Researchers have discovered a new hacking technique called “MadRadar” that can trick self-driving cars into perceiving imaginary vehicles or hiding real ones, causing them to veer dangerously off course. The hack was developed by researchers at Duke University, who will present their findings at an upcoming cybersecurity conference.
Self-driving cars rely on radar sensors to detect obstacles and steer accordingly. MadRadar can spoof these radar systems in three main ways:
- It can make a fake vehicle appear out of nowhere. By mimicking the radar signature of a non-existent vehicle, MadRadar can fool the target car into believing there is another car in its path, causing it to abruptly steer to avoid a collision.
- It can hide a real vehicle from the target’s sensors. By creating a bright spot at the real car’s location, MadRadar can effectively cloak it and prevent the target car from seeing it. This could cause a crash if the self-driving car fails to detect the cloaked vehicle.
- It can make a real vehicle appear to suddenly change course. By combining the first two attacks, MadRadar can trick the target into thinking a real car has suddenly jerked sideways, again causing the target to dangerously swerve.
MadRadar is able to pull off these attacks by quickly detecting the radar parameters of a target vehicle and then transmitting spoofed radar signals to manipulate what the target car senses. It can detect the necessary parameters in under a quarter of a second.

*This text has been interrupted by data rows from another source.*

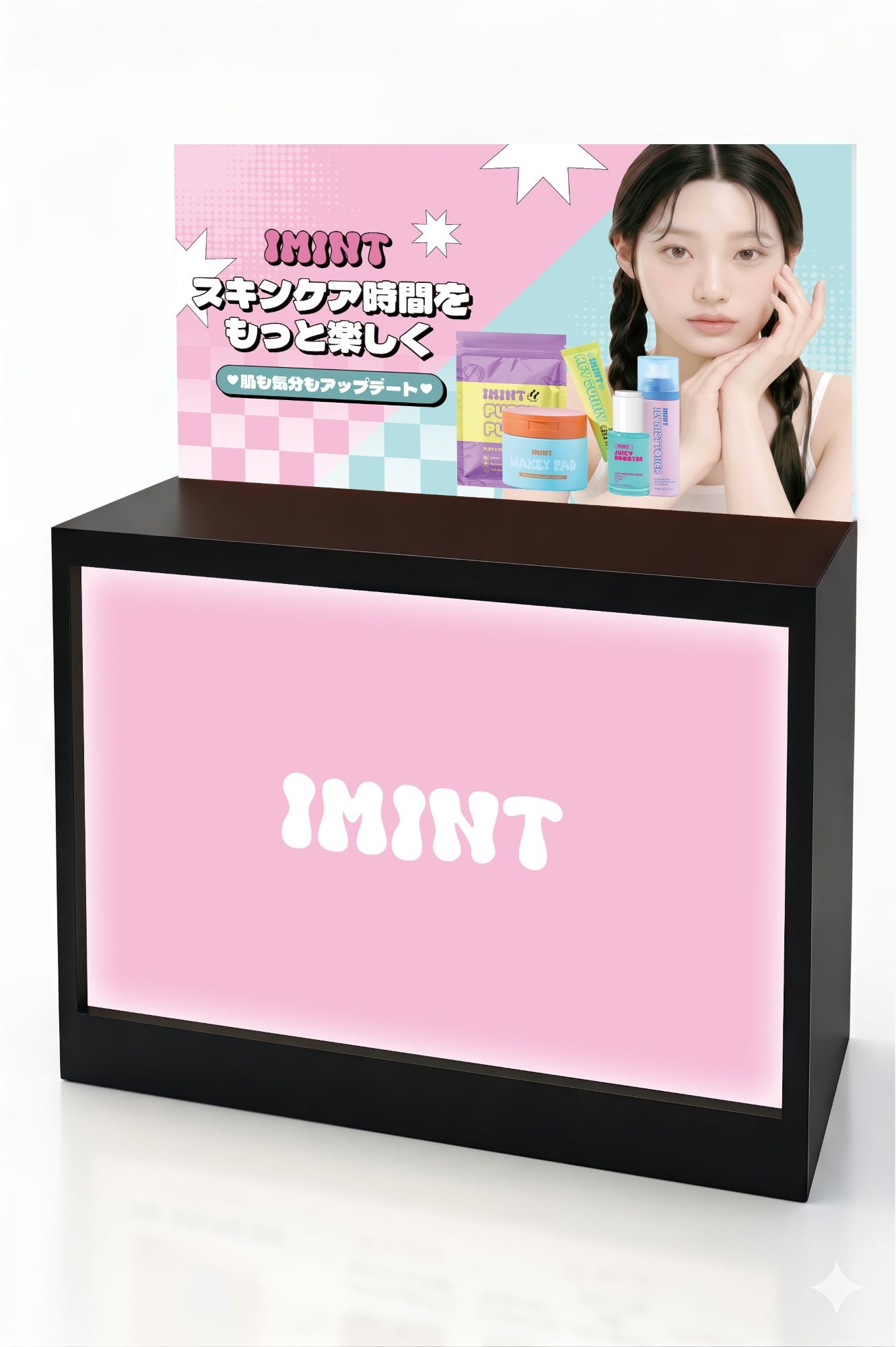 IMINTのブースでは、ブランドの世界観を体感できる空間演出とともに、実際に商品をお試しいただけるタッチ&トライ形式を展開。SNSと連動したキャンペーンも実施します。
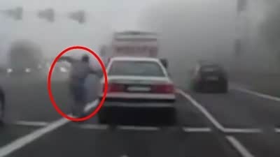 滑稽大师来了 实拍车友奔跑追赶爱车
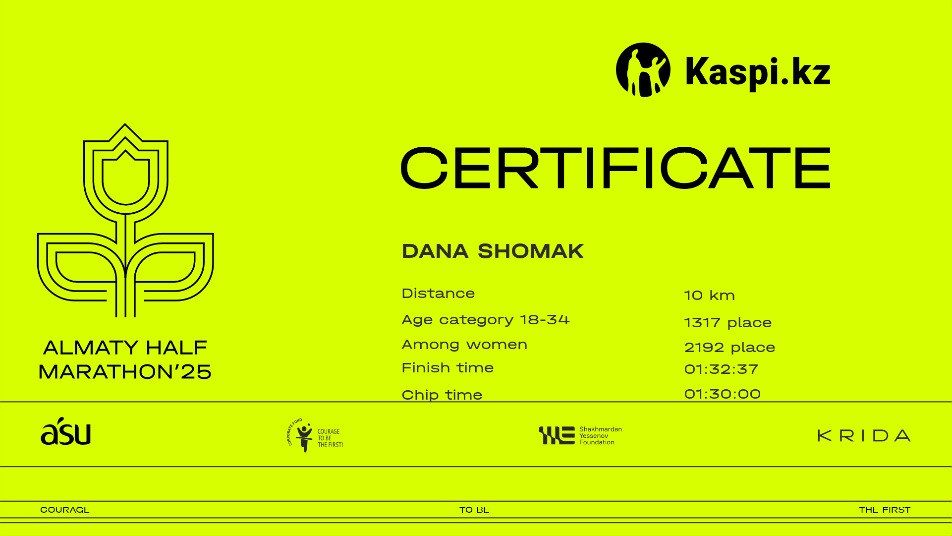 | 4632 | Dana Shomak | ![]() | Алматы | 5626 | 01:04:12 | 01:32:37 | 01:30:00 | Download |
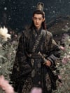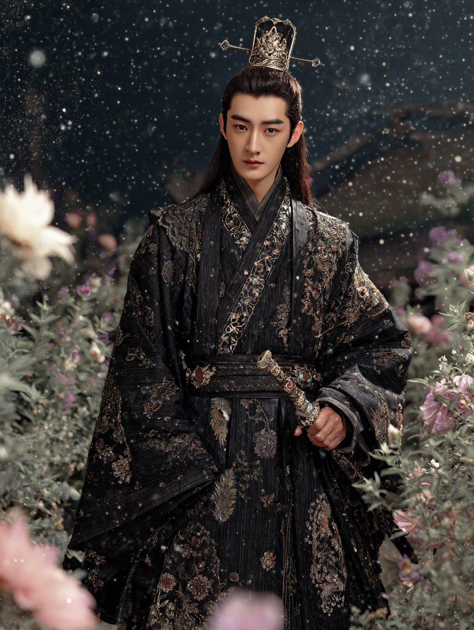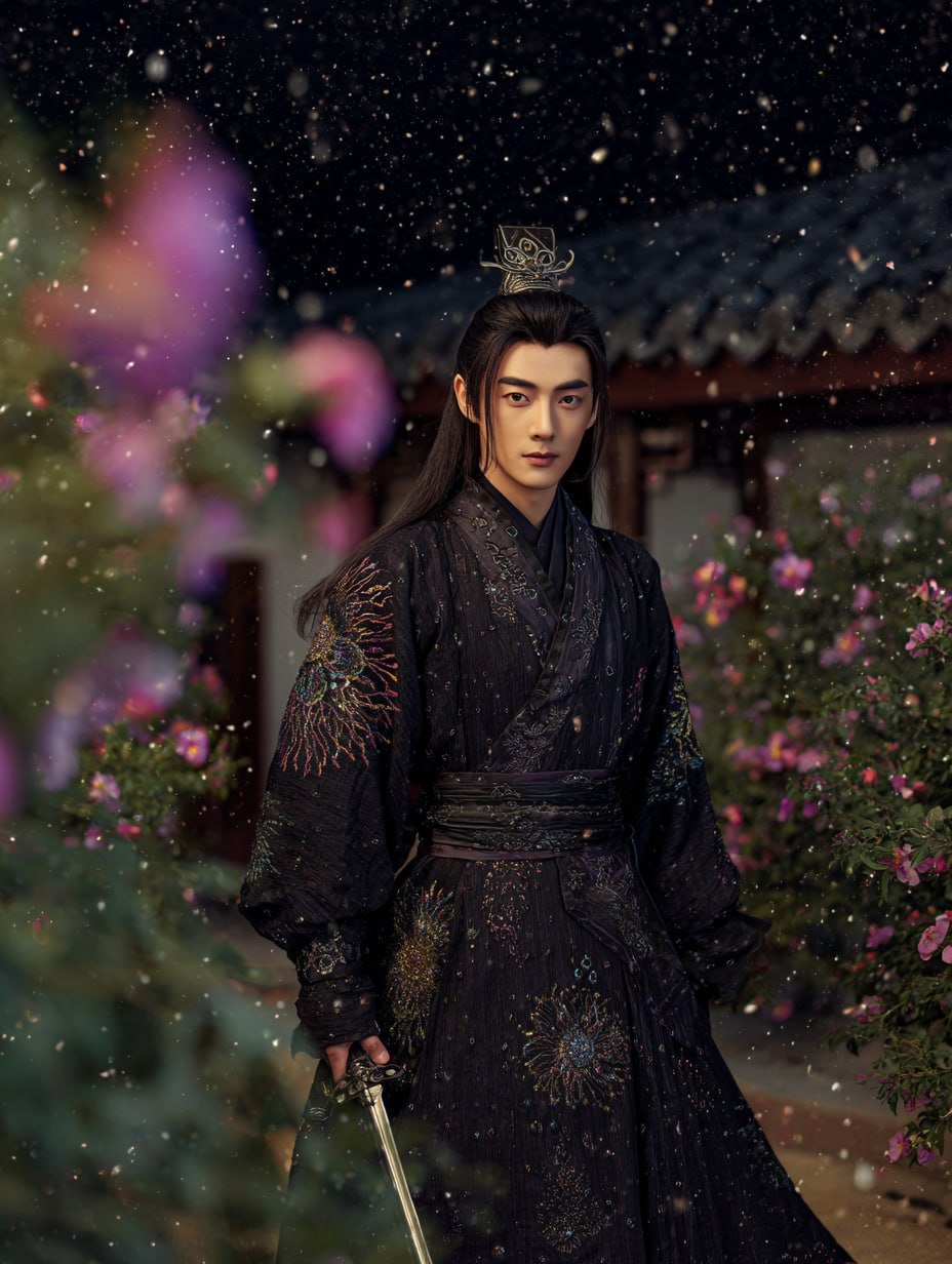 Create breathtaking, cinematic character visuals with this premium AI prompt designed for MidJourney. Generate a striking full-body portrait of a handsome man in elegant black hanfu, adorned with intricate embroidery of clouds and stars, set within a serene night courtyard. Every detail—from refined facial features to atmospheric lighting—is crafted to deliver high-end, professional results. This product is a ready-to-use AI prompt, not a finished image, allowing you to generate your own unique, stunning visuals instantly.
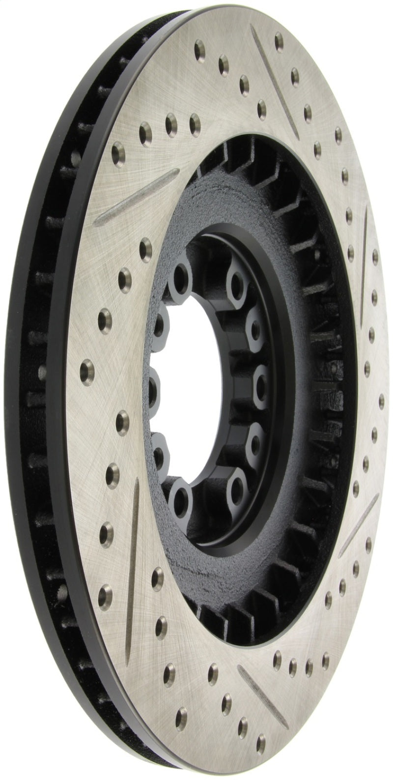 StopTech Drilled and Slotted Sport Rotors are 1-piece direct replacement brake discs for factory brake systems and stock calipers that look great behind your wheels – and offer significantly improved braking performance. The unique cross-drilling and slotting aids with heat and brake dust dispersal, prevents glazing of the pads, adds bite and improves wet and dry braking performance. Built to last, the black e-coating provides protection from corrosion and the high carbon metallurgy (in most applications) offers quieter operation, better crack resistance and increased performance.
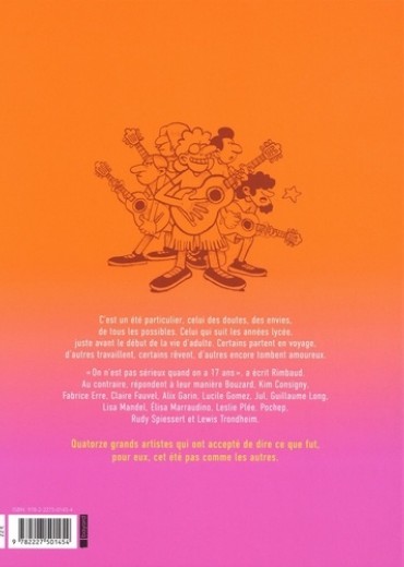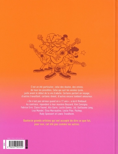 L'été de tous les possibles, celui de la fin du lycée et du début de la vie d'adulte, raconté par 14 auteurs qui se souviennent de leurs 17 ans. Lewis Trondheim se souvient de ses vacances en camping... l'origine de son pseudonyme ! Lisa Mandel, son job d'été en centre aéré, et la prise de conscience de son homosexualité. Bouzard, un été dans un abattoir, le pire boulot d'été. Leslie Plée, l'Espagne sans ses parents... l'été où elle s'est fâchée avec ses amis. Kim Consigny raconte son merveilleux voyage en famille en Ecosse... sans son amoureux, qui lui manque terriblement ! Rudy Spiessert, la découverte de son talent de dessinateur. Lucile Gomez, sa non-préparation pour la classe prépa, ses hésitations, son manque de confiance en elle. Fabrice Erre donne ses conseils pour (enfin) sortir avec une fille. Pochep, son job d'été en salle de sport et l'affirmation de son homosexualité. Jul, des vacances de rêves en Grèce avec ses amis, sans parents. Claire Fauvel, l'attente de la lettre qui dira ou non si elle est acceptée en école d'art. Guillaume Long, une vraie/fausse mononucléose et une relation amoureuse compliquée. Alix Garin, le voyage qu'elle a effectué en elle-même pour comprendre que le vide qu'elle ressentait était en fait la promesse de tous les possibles. Elisa Maraudino, un été dans sa famille italienne, le premier depuis la mort de son grand-père. "Ces petites histoires de jeunesse racontées dans des styles très différents, évoquent la nostalgie d'une époque, mais, surtout, rappellent que la jeunesse n'est pas un long fleuve tranquille", Anne Douhaire-Kerdoncuff, France Inter
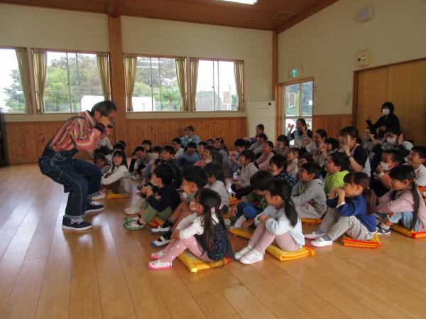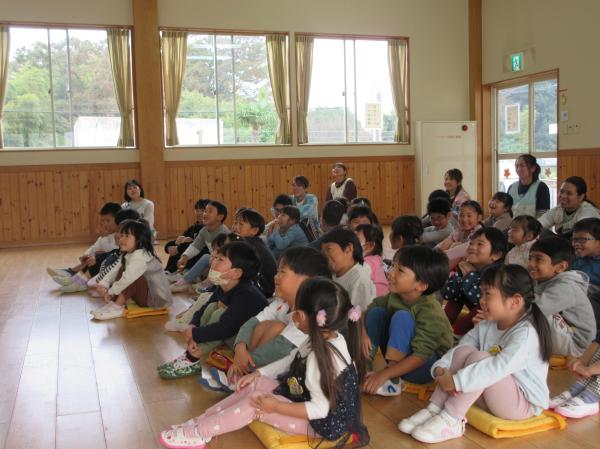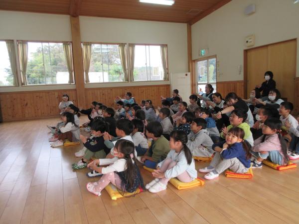 年中・年長組のこども達は、去年の観劇会を覚えていたようで・・・「あの面白い劇見せてくれるの?」「もも組さんの時、ずっと笑ってたんだよな~😄」とワクワクの気持ちがあふれていましたよ💕

The researchers demonstrated these three attacks on real self-driving cars in motion, showing the potentially catastrophic consequences. In one example, MadRadar made a target car believe the vehicle in front of it was speeding up, causing the target to accelerate unsafely.
The researchers say MadRadar exposes fundamental vulnerabilities in how radar systems on self-driving cars are designed and protected. Car manufacturers need to rethink anti-spoofing defenses to better safeguard vehicles against remote hacking. Possible measures could include using randomized radar parameters that are changed dynamically rather than fixed.
The findings highlight the risks hackers pose to emerging self-driving car technologies. As autonomous vehicles become more widespread in the coming years, stronger radar protections will be needed to prevent malicious actors from causing collisions by deceiving onboard sensors. MadRadar serves as a warning that radar spoofing is a serious threat to self-driving car safety that manufacturers urgently need to address.